This case study explores how Notion, a leading workspace collaboration platform, developed and evolved their AI feature evaluation system to support their growing suite of AI-powered capabilities. The company's journey into AI began early, with experiments starting after GPT-2's release in 2019, leading to the successful launch of several AI features including their writing assistant, AI Autofill, and Q&A functionality.
The core of this case study focuses on Notion's transformation of their AI evaluation processes, which proved crucial for maintaining high-quality AI features at scale. This transformation represents a significant evolution in their LLMOps practices and offers valuable insights for organizations looking to implement robust AI evaluation systems.

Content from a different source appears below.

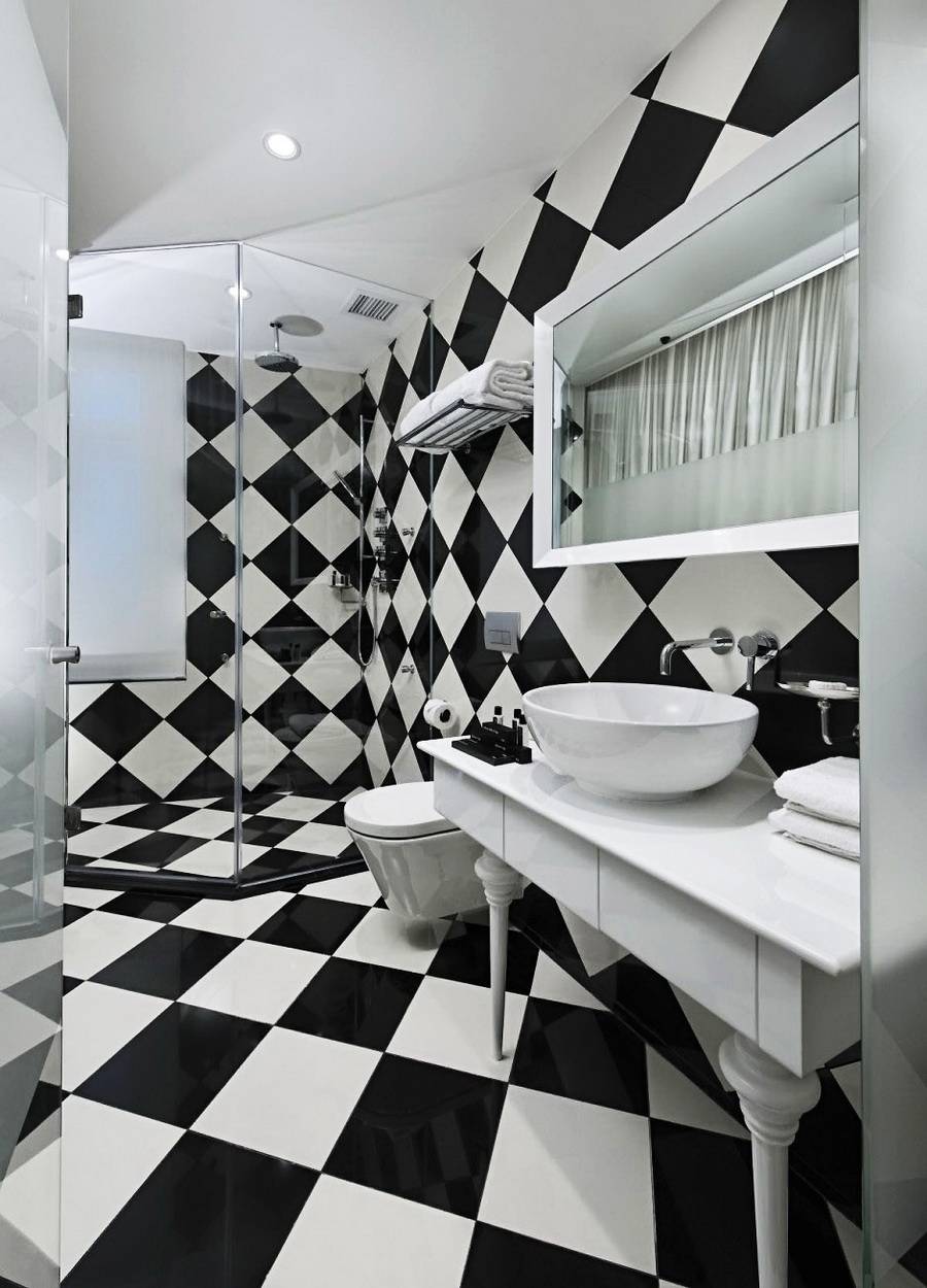 Это наименее рискованный, а для маленьких ванных комнат и единственно верный вариант отделки. Разные стены мы можем отделывать разной плиткой, но в рамках одной используем строго 1 вид.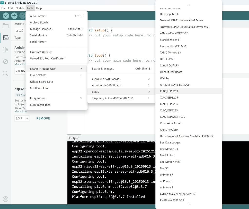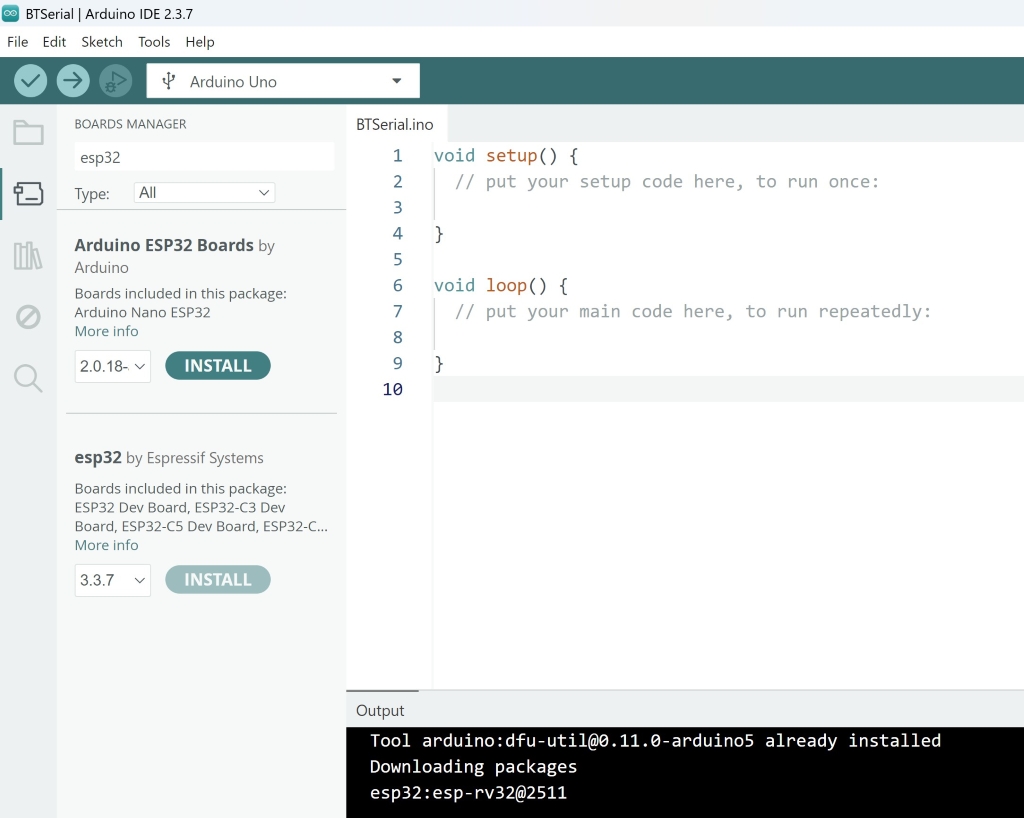 To network and having communication between three nodes, we used Arduino IDE and used. First we installed the ESP32 board:

Initially, Notion faced several challenges with their evaluation workflow:
* Their test datasets were managed through JSONL files in git repositories, which proved unwieldy for collaboration and versioning
* Their evaluation process relied heavily on manual human review, creating a slow and expensive feedback loop
* The complexity of their AI features, particularly the Q&A system which needed to handle unstructured input and output, demanded more sophisticated evaluation methods
The company partnered with Braintrust to develop a more scalable and efficient evaluation system. The new workflow demonstrates several key LLMOps best practices:
Data Management and Versioning:
* Instead of managing test data through raw JSONL files, they implemented a structured system for dataset curation and versioning
* They maintain hundreds of evaluation datasets, continuously growing their test coverage
* Test cases come from both real-world usage logs and manually crafted examples, ensuring comprehensive coverage of edge cases and common scenarios
Evaluation Framework:
* They implemented a multi-faceted evaluation approach combining heuristic scorers, LLM-as-judge evaluations, and human review
* Custom scoring functions were developed to assess various aspects including tool usage, factual accuracy, hallucination detection, and recall
* The system allows for immediate assessment of performance changes and regression analysis
Continuous Improvement Cycle:
* The team implemented a rapid iteration cycle for improvements
* Each improvement cycle begins with a clear objective, whether adding new features or addressing user feedback
* The system enables quick comparison of different experiments through side-by-side output diffing
* Results can be analyzed both at a high level for overall performance and drilled down for specific improvements or regressions
Results and Metrics:
* The new system dramatically improved their issue resolution capacity from 3 to 30 issues per day
* This increased efficiency enabled faster deployment of new AI features
* The improved evaluation system supported the successful launch of multiple AI products, including their Q&A feature and workspace search
Technical Implementation Details:
* The system integrates with their production environment to automatically log real-world examples
* It supports flexible definition of custom scoring functions for different types of evaluations
* The infrastructure allows for parallel evaluation of multiple experiments
* Results are stored and versioned, enabling historical comparison and trend analysis
Risk Management and Quality Assurance:
* The system includes safeguards against regressions through comprehensive testing
* It enables systematic investigation of failures and edge cases
* The evaluation process helps identify potential issues before they reach production
One particularly noteworthy aspect of Notion's approach is their emphasis on narrowly defined, focused evaluations. Rather than trying to create all-encompassing tests, they break down their evaluation criteria into specific, well-defined components. This approach allows for more precise identification of issues and more targeted improvements.
Looking forward, Notion's evaluation system appears well-positioned to support future AI feature development. The scalability and flexibility of their new workflow suggest it can adapt to new types of AI features and increasing complexity in their AI offerings.
This case study demonstrates the critical importance of robust evaluation systems in AI product development. It shows how investment in LLMOps infrastructure, particularly in testing and evaluation, can dramatically improve development velocity and product quality. The transformation from a manual, limited evaluation process to a sophisticated, automated system represents a mature approach to AI development that other organizations can learn from.